The quartet discovered that they shared a love of hiking the outdoors and an ambition to hike the longest "hiking-only" trail in the world – the Appalachian Trail.
The group, dubbing themselves "Three Men and a Yankee," took on one of the two, 174-mile long trail sections together for the first time the following spring.
And they've been at it ever since.
"The challenge is to finish it before we die," said Stan Moore of Central Lake, the "Yankee" in the quartet consisting of Mickey Cummings of Blairsville, Georgia; Fred Miller of Newton, North Carolina; and Henry Dorough, of Eastoboga, Alabama, as well as himself.
Since 2011, the group has hiked just under 1,000 miles of the trail traversing the spine of the Appalachian Mountains in Georgia, Tennessee, North Carolina and Virginia, in one, or, at times, two "section hikes" per year, said Moore, an MSU Extension Dairy & Human Resource Educator.
"Since only two of us are retired, we do sections of the trail, averaging 15 miles a day or so, during our hikes, rather than attempt a ‘thru-hike’ – doing it all at once – which takes more than two months even for the strongest hiker," he stated. "We aren't trying to set any records."
That said, with the passage of years, the group has become very aware that their window of time is slowly closing to achieve their goal of hiking the entire trail.
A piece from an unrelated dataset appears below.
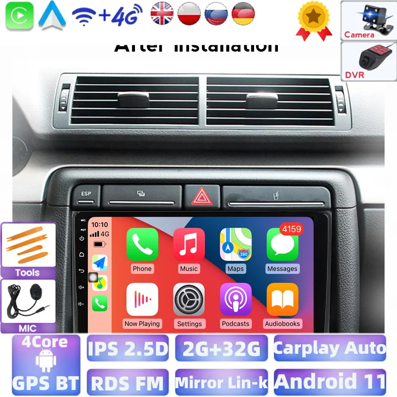 Автомагнитола на Android, с IPS-экраном, мультимедийным видеопроигрывателем, авто стерео, GPS для Audi A4 B6, 2000, 2001, 2002, 2003, 2004-2009, S4, RS4, 2din

"None of us is getting any younger," Moore explained. "I'm the baby of the group, at 54, while Fred is in his early 60s, so this year we decided that we had better start tackling some of the more difficult sections of the trail, while we still can."
In early June the group took on a 120-mile wilderness hike leading to the summit of Mt. Katahdin, the northern-most terminus of the Appalachian Trail, in northern Maine.
"For 100 miles, there's no civilization at all, and with no cell phone signals, no contact with the outside world at all," the Central Lake resident said.
That situation meant carrying enough food, equipment, and shelter to maintain for at least a week over treacherous wet rocks and tree roots, through insect-infested muddy bogs, up extremely vertical mountains, and through ice-cold, snow-melt raging streams.
But along with all of those obstacles also came breathtaking views of mountain vistas above the tree line, spectacular waterfalls, rare and sensitive wildflowers, and a wide variety of wildlife.